Back in reality once again, Comic Fan is blown away and goes back to Booth Guy to talk about getting issue two, and maybe an action figure. Booth Guy sends him off to a toy vendor who might have one.

And…that’s the end!

Comments

If there was ever a “by fans, for fans” movie, it would definitely have to be this one. I don’t know how they managed it, but “Surge of Power” boasts a huge number of celebrity guest stars. The filmmakers were nice enough to provide a list of the non-obvious ones with the credits, and in case you care, it’s Rose Marie, Bobby Trendy, Noel Neill, Bernard Fox, David Mandel, Erin Murphy, Butch Patrick, Lisa Loring, Forrest J. Ackerman, Marty Krofft (as in Sid and), Len Wein, Marv Wolfman, Bob May, Liz Sheridan, and Allison Arngrim.

The use of the celebrities, unfortunately, is the source of much of the fat I trimmed to keep the review from bogging down. Except for Noel Neill’s scene (and even there it’s pretty minor) they don’t add anything except showing how hard the crew worked to get them all there. While I respect the effort that went into realizing such a roster of guest stars, some of that effort might have been better spent working the fat out of the script or getting more energy from the performers. That’s why I stopped reviewing the “Bibleman” series--Willie Aames was replaced by someone who can’t match his energy despite being about half his age.

“Surge of Power” is a curious a dichotomy of quality; it’s too plodding and lacks the energy to be a really good movie (and the ending is fully as weak as it sounds from my recounting), but it has such earnestness about it and within it that you can tell the cast really liked being able to make a superhero movie and pay their respects to that niche of popular culture. And while the end result is still corny, at least I can say that unlike most of the corny movies I’ve reviewed for Spandex Cinema, there are no mixed messages. *coughcoughJesusoursaviorandGuyvercough*

I will say this in “Surge of Power”’s defense: while it’s kind of slow, it has the main characters apply their knowledge of superheroes toward being (or supporting) one. You’d think that’d go without saying in a superhero movie, wouldn’t you? After all, how the bleep can someone not write a script like this where the characters are fans of superhero fiction and have it figure into how they react to their new circumstances? Let’s just say my first heckling nemesis (and it wasn’t “Bibleman”) proves there’s a first time for anything.
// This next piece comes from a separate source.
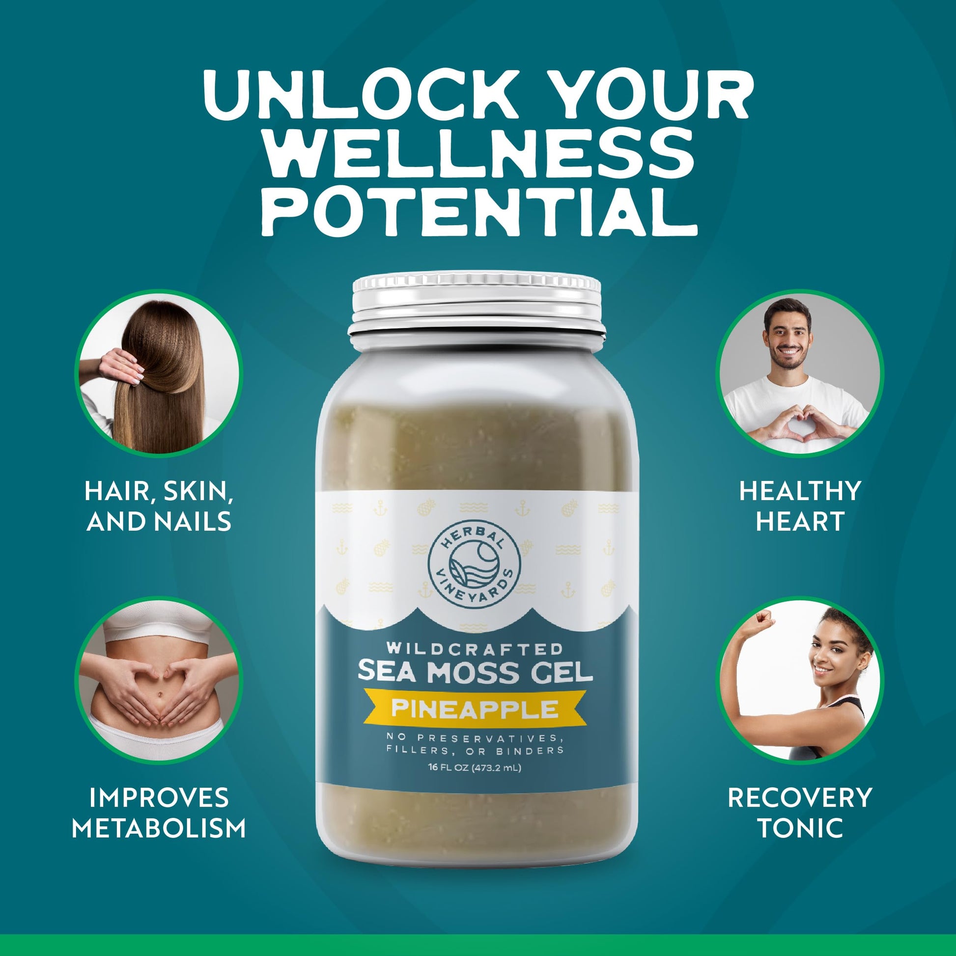 - Q: What are the health benefits of using Herbal Vineyards Irish Pineapple Sea Moss Gel? A: Herbal Vineyards Irish Pineapple Sea Moss Gel is packed with 92 of the 102 essential minerals that your body needs, promoting natural energy, digestive health, and overall wellness. It also supports skin hydration and elasticity, making it beneficial for skincare routines.
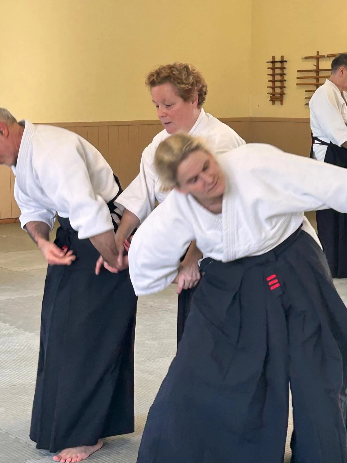 It was a great weekend at the 3rd and 4th Dan group course. It was particularly good to see French and Dutch members on the mat. They always bring a delightful je ne sais quoi! Members studied two-partners-holding and Jo exercises. We are grateful to Sensei O’Connell for another fascinating weekend of instruction, and to Sensei Peter Baillie for sorting everything behind the scenes.

[UnSub's aside: And for those wondering, this film apparently does have an apparent-if-unmentioned-and-understated gay subtext to it. "Surge of Power" apparently has gotten a lot of play at gay-friendly film festivals in the US.]

Connection to the Source

“Surge of Power” is what it is, an acceptable if middling movie that they obviously enjoyed making.

Rating

Three stars

Funktastic Rating

A lot of the cheesiness is deliberate, I’m sure, but cheese is cheese, and I’ve never seen anything with Lou Ferrigno that I didn’t like.